Tutorial¶

For this tutorial we are going to process a data set for private linkage with clkhash using the Python API. Note you can also use the command line tool.

The Python package recordlinkage has a tutorial linking data sets in the clear, we will try duplicate that in a privacy preserving setting.

First install clkhash, recordlinkage and a few data science tools (pandas and numpy).

In [ ]:

!pip install -U clkhash recordlinkage numpy pandas

In [24]:

import io
import numpy as np
import pandas as pd

In [17]:

import clkhash
import recordlinkage
from recordlinkage.datasets import load_febrl4

Data Exploration¶

First we have a look at the dataset.

In [4]:

dfA, dfB = load_febrl4()

dfA.head()

Out[4]:

	given_name	surname	street_number	address_1	address_2	suburb	postcode	state	date_of_birth	soc_sec_id
rec_id
rec-1070-org	michaela	neumann	8	stanley street	miami	winston hills	4223	nsw	19151111	5304218
rec-1016-org	courtney	painter	12	pinkerton circuit	bega flats	richlands	4560	vic	19161214	4066625
rec-4405-org	charles	green	38	salkauskas crescent	kela	dapto	4566	nsw	19480930	4365168
rec-1288-org	vanessa	parr	905	macquoid place	broadbridge manor	south grafton	2135	sa	19951119	9239102
rec-3585-org	mikayla	malloney	37	randwick road	avalind	hoppers crossing	4552	vic	19860208	7207688

For this linkage we will not use the social security id column.

In [18]:

dfA.columns

Out[18]:

Index(['given_name', 'surname', 'street_number', 'address_1', 'address_2',
       'suburb', 'postcode', 'state', 'date_of_birth', 'soc_sec_id'],
      dtype='object')

In [41]:

a_csv = io.StringIO()
dfA.to_csv(a_csv)
a_csv.seek(0)

Out[41]:

Linkage Schema Definition¶

A basic schema definition instructs clkhash how to treat each column. The identifiers are found in clkhash/identifier_types.py. The INDEX columns will not become part of the CLK.

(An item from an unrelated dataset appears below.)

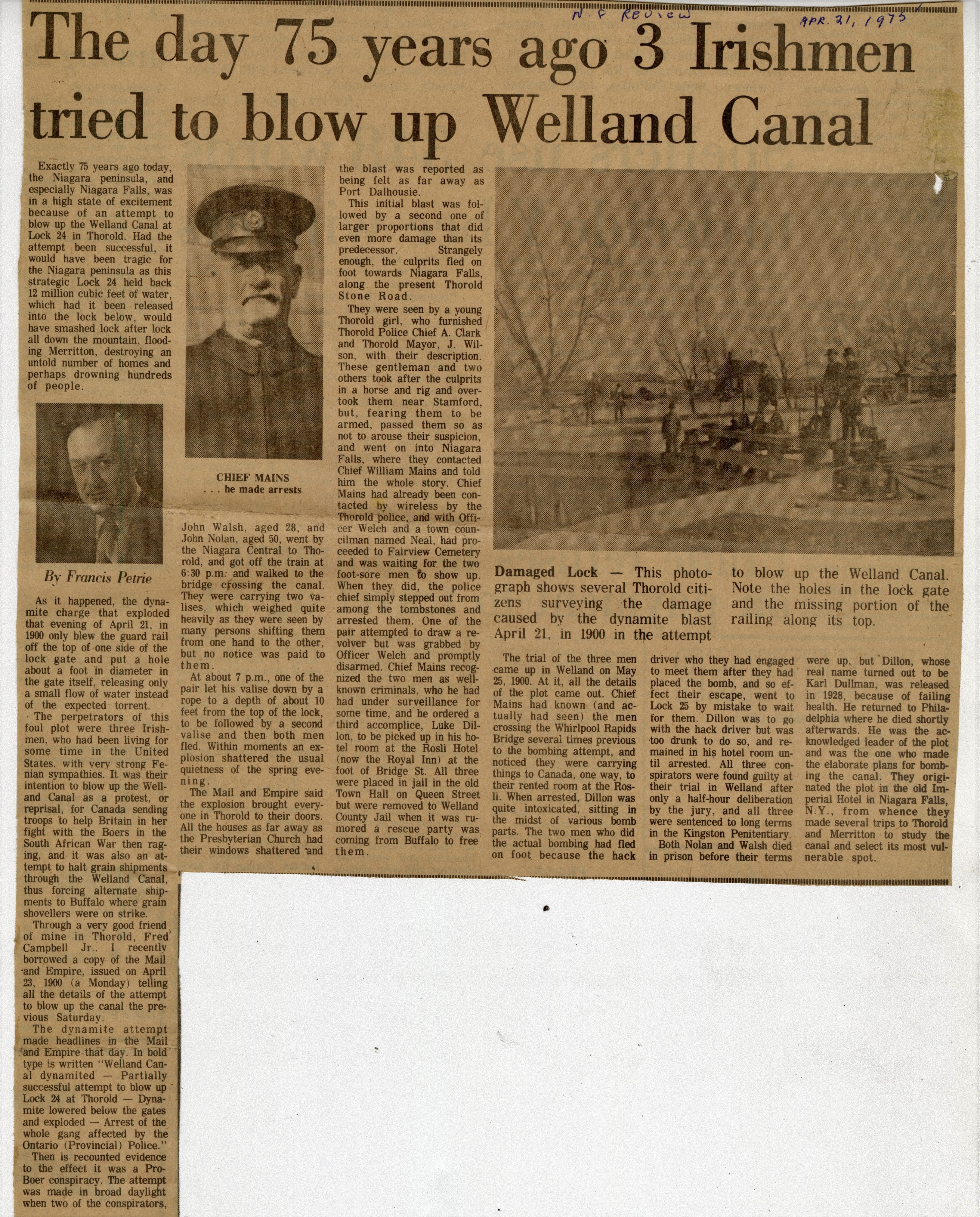 The day 75 years ago 3 Irishmen tried to blow up Welland Canal
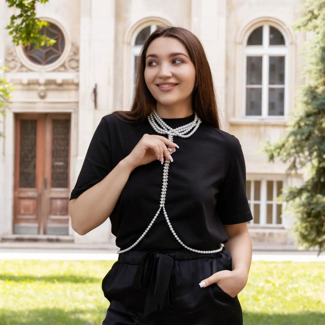 Справжня знахідка для любителів експериментів зі стилем! Цю портупею-трансформер ви можете носити у трьох варіантах: лише чокер, лише портупею, або ж, як багаторівневу прикрасу. Фіксація частин прикраси здійснюється завдяки застібці у формі нескінченності. Легкість трансформування аксесуара робить його універсальним у вашому гардеробі.

Note: The schema specification is under heavy renovation for the next version.

In [42]:

column_metadata = [
            {"identifier": 'INDEX'},
            {"identifier": 'NAME Surname'},
            {"identifier": 'NAME First Name'},
            {"identifier": 'ADDRESS House Number'},
            {"identifier": 'ADDRESS Place Name'},
            {"identifier": 'ADDRESS Place Name'},
            {"identifier": 'ADDRESS Place Name'},
            {"identifier": 'ADDRESS POSTCODE'},
            {"identifier": 'ADDRESS Place Name'},
            {"identifier": 'DOB YYYY/MM/DD'},
            {"identifier": 'INDEX'}
        ]

In [43]:

schema = clkhash.schema.get_schema_types(column_metadata)

Hash the data¶

We can now hash our PII data from the CSV file using our defined schema. We must provide two secret keys to this command - these keys have to be used by both parties hashing data.

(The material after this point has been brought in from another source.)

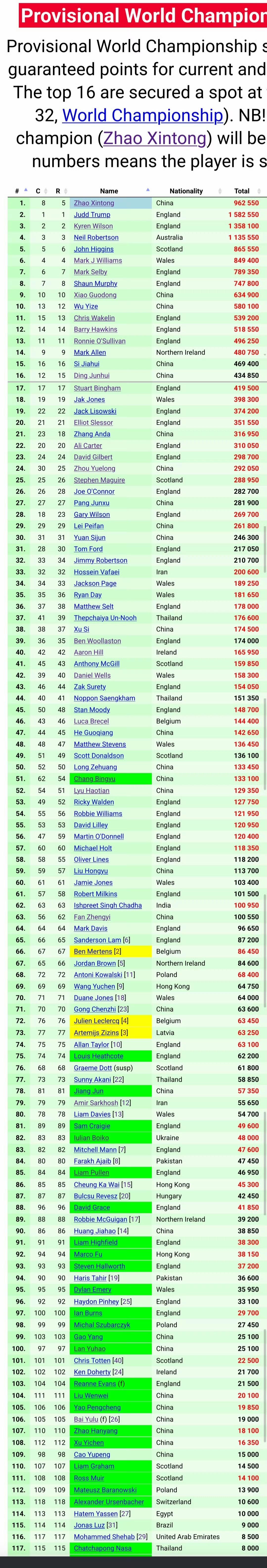 千算万算没算到这两个追兵同时打进了威尔士赛八强,而且还对位,肯定有一人进四强。 如果丁俊晖要保住种子席位,今明两天需要(希金斯or周跃龙)仗义出手:小司机先斩二师兄后负半决赛。
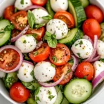 Is this Cucumber Mozzarella Salad suitable for a vegetarian diet? Yes, it’s perfect for vegetarians! With fresh veggies and creamy mozzarella, it’s both nourishing and satisfying.

Knowledge of these keys is sufficient to reconstruct the PII information from a CLK! Do not share these keys with anyone, except the other participating party.

In [44]:

hashed_data_a = clkhash.clk.generate_clk_from_csv(a_csv, ('key1', 'key2'), schema)

generating CLKs: 100%|██████████| 5.00K/5.00K [00:02<00:00, 1.46Kclk/s, mean=916, std=27.1]

Inspect the output¶

clkhash has hashed the PII, creating a Cryptographic Longterm Key for each entity. The output of generate_clk_from_csv shows that the mean popcount is quite high (916 out of 1024) which can effect accuracy.

In [45]:

len(hashed_data_a)

Out[45]:

Each CLK is serialized in a JSON friendly base64 format:

In [46]:

hashed_data_a[0]

Out[46]:

'+79/+3//33/+O///fv//N67/7/+/u/vP////+3/+/7//d///////ft/////vM/7v/v//1/+///9/fv9f7/zu//5/+/ffv+9//z97v7///////9P//79f/7///76e/f9///////////P/4/b/S+///fv8//3vf//5n//r37/+/98='

Hash data set B¶

Now we hash the second dataset using the same keys and same schema.

In [47]:

b_csv = io.StringIO()
dfB.to_csv(b_csv)
b_csv.seek(0)
hashed_data_b = clkhash.clk.generate_clk_from_csv(b_csv, ('key1', 'key2'), schema)

generating CLKs: 100%|██████████| 5.00K/5.00K [00:02<00:00, 2.44Kclk/s, mean=909, std=32]

In [48]:

len(hashed_data_b)

Out[48]:

Wrapping Up¶

That is all for this tutorial, next you might want to look at comparing the CLKs with anonlink, or uploading them to an Entity Service.

Note the clkhash command line tool includes commands to upload to an entity service run by Data61.